Optimizing Cell Isolation for Flexible and Scalable Cell Therapy Manufacturing

Recent advances in cell therapy have significantly enhanced the therapeutic potential of CD4+ T cells. These cells, traditionally known for their role in supporting CD8+ T cell responses, have now been recognized for their cytotoxic potential (1) and capacity to orchestrate innate immune responses (2). Innovations in isolating and manipulating CD4+ T cells have led to more targeted and effective treatments for various cancers.
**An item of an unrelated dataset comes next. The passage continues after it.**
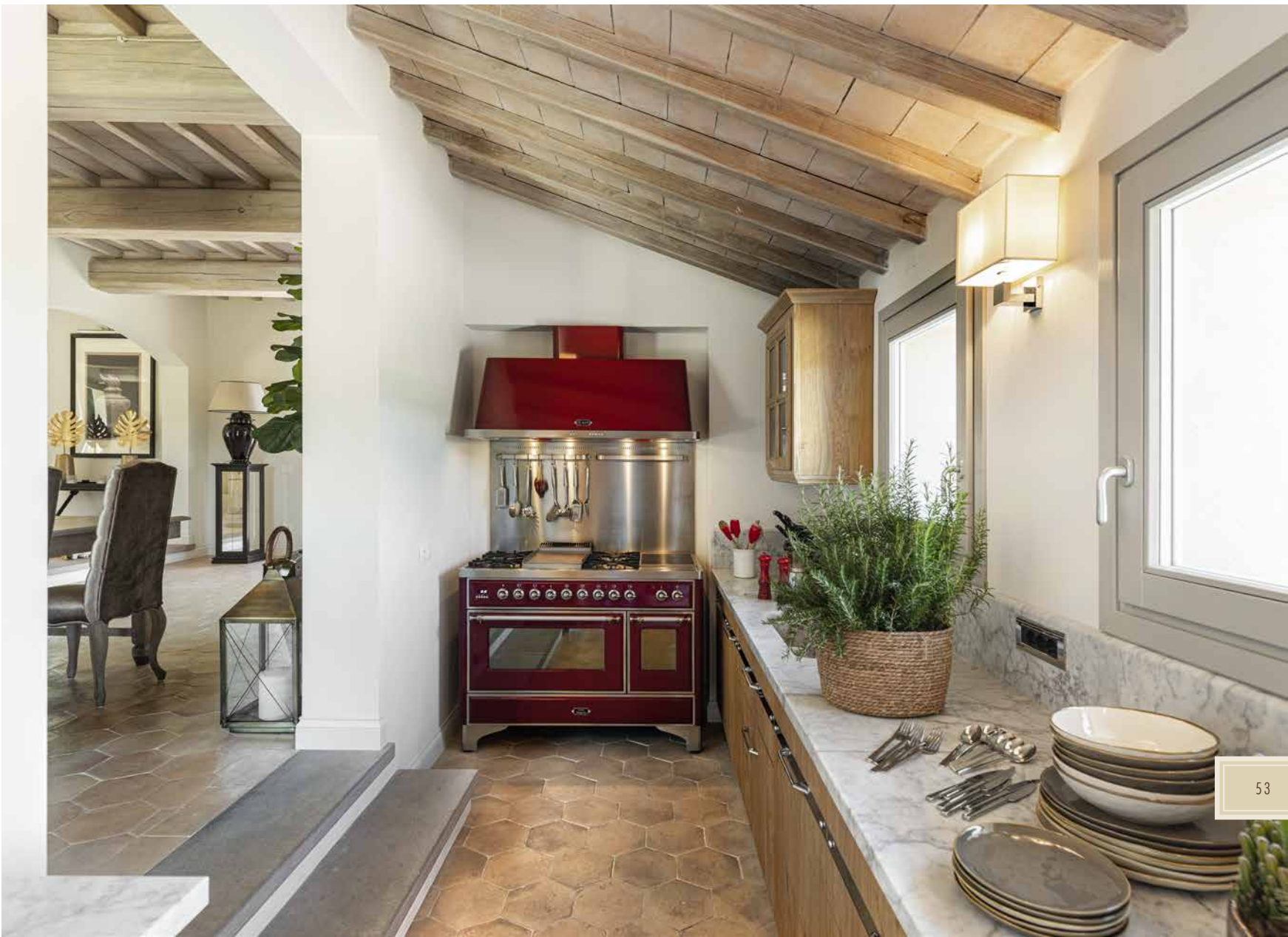
PICCOLA MA FUNZIONALE È LA CUCINA IN MURATURA, PROSEGUIMENTO DELL'AMBIENTE DEDICATO AL PRANZO.

In this blog post we describe how our paramagnetic bead technology, coupled with a proprietary active release mechanism – the first of its kind for GMP, clinical trial, and commercial manufacturing, is paving the way for personalized, versatile and more efficient cell therapies.

CD4+ T cells in immunotherapy and cell therapy

The application of CD4+ T cells in cell therapy research and applications has been limited by several factors historically (3).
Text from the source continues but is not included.